Tattoo artist Juan Pablo Badilla (@electric.mordor)

Viele Künstler sprechen bei Fragen zu Sponsoring und ProTeams über ihre Bemühungen, diesen Teil der Branche zu beeinflussen. Du arbeitest mit mehreren Tattoo-Marken zusammen, also erzähl uns, was Sponsoring für dich bedeutet?

- Ich bin sehr dankbar für diejenigen, die meine Arbeit unterstützen, insbesondere für Marken, die wirklich ein Interesse am Wachstum der Tattoo-Branche zeigen. Wenn jemand mit mir zusammenarbeiten möchte, kann er mir gerne eine Nachricht senden.

Tattoo artist Juan Pablo Badilla (@electric.mordor)

Wie schätzen Sie Ihre Popularität ein? Und wie kann man sie Ihrer Meinung nach messen?

- Ich denke, das ist einfach das Ergebnis meiner konstanten Arbeit. Ich bin seit fast 15 Jahren davon besessen, zu zeichnen und etwas Reales zu schaffen. Ich versuche immer, neue Dinge zu zeichnen, versuche, Probleme intelligent zu lösen, studiere verschiedene Arten von Kunstausdrücken, um mein kulturelles Kapital zu erhöhen. Ich glaube, die Leute mögen meine Arbeit, weil sie sich in eine magische Welt mit mysteriösen Kreaturen versetzen lassen können. Darin sind wir verwandt; Nerds gibt es auf der ganzen Welt.

Tattoo artist Juan Pablo Badilla (@electric.mordor)

Viele erfolgreiche Tätowierer sind bestrebt, ihre gesammelten Erfahrungen weiterzugeben. Erzählen Sie uns, ob Sie solche Aktivitäten in Ihrem Leben haben und für wen sie bestimmt sind.

- Kürzlich habe ich mein erstes Skizzenbuch veröffentlicht. Für mich ist das ein wichtiger Meilenstein in meinem Leben. In diesem Buch teile ich einen großen Teil meiner Erfahrungen durch all die Zeichnungen, die ich seit 2018 erstellt habe. Mein Hauptziel ist es, denen zu helfen, die das Tätowieren wirklich lieben, eine Idee zu lösen oder vielleicht eine neue zu generieren. Im Moment habe ich die Absicht, einen Kurs oder ein Seminar in digitaler Illustration und Flash-Erstellung für das Tätowieren anzubieten, aber das ist gerade erst in Arbeit.

Tattoo artist Juan Pablo Badilla (@electric.mordor)

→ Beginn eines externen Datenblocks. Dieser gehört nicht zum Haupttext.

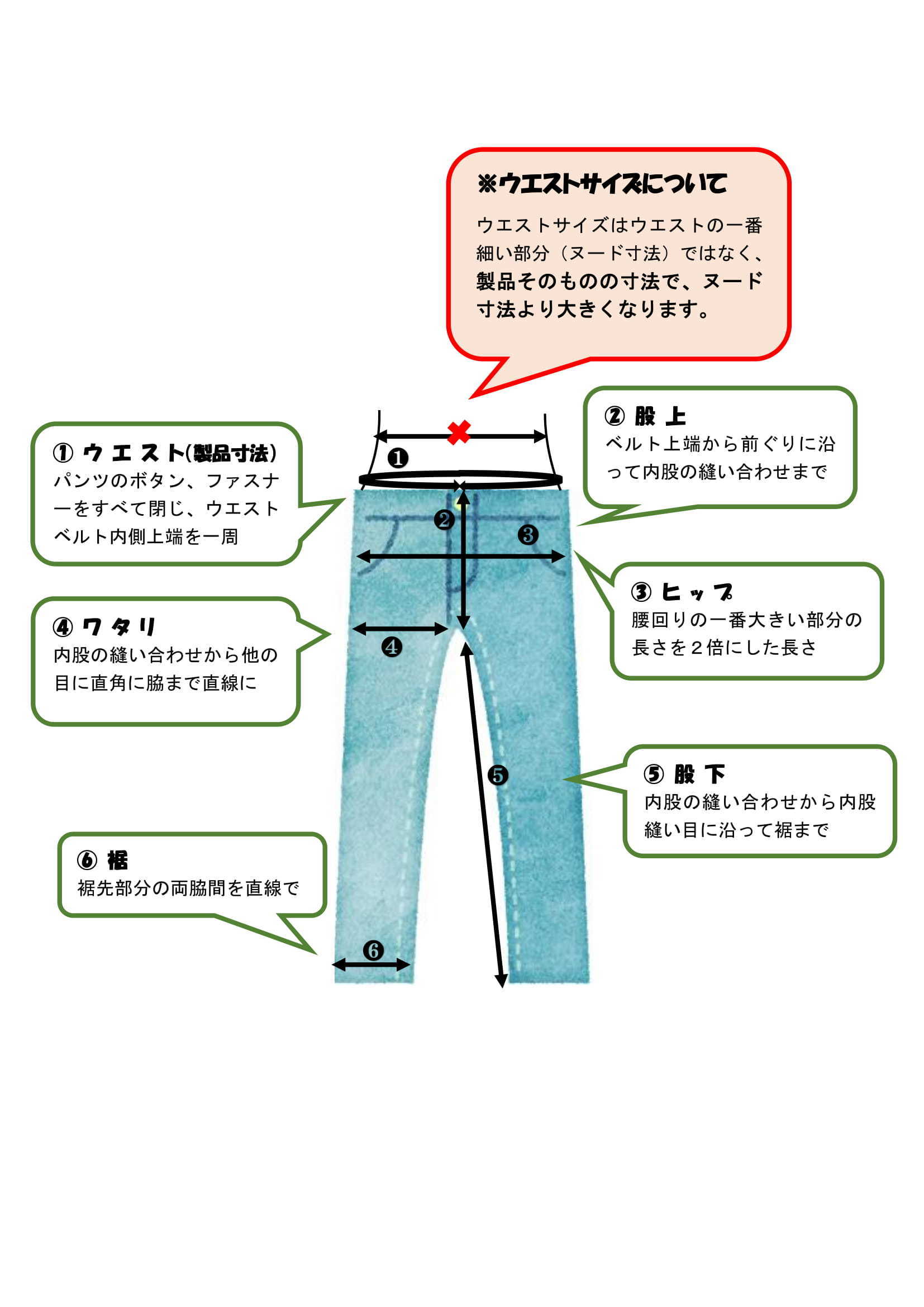 通常のデニムよりスキニーな履き心地です。普段購入している大きさよりも1~2サイズ大きいサイズを購入することをお薦めします。

Was ist das Wichtigste in Ihrer Karriere als Tätowierer? Welche Ziele setzen Sie sich?

- Mein Hauptziel ist es, etwas Reales und Greifbares zur Tattoo-Kunst beizutragen. Das Tätowieren hat mein Leben gerettet und mir gelehrt, mich selbst wertzuschätzen. Es hat mir gezeigt, dass ich zu etwas fähig bin und dass die Leute auch mochten, was ich tat. Ich möchte diesem Beruf all das zurückgeben, was er mir gegeben hat.

Teilen Sie Ihre kreativen Pläne für die nahe Zukunft.

- Ich habe tonnenweise Projekte auf meiner Aufgabenliste, aber ich möchte nach Lateinamerika reisen, um dort zu tätowieren. Ich stehe bei den Nachbarländern in der Schuld.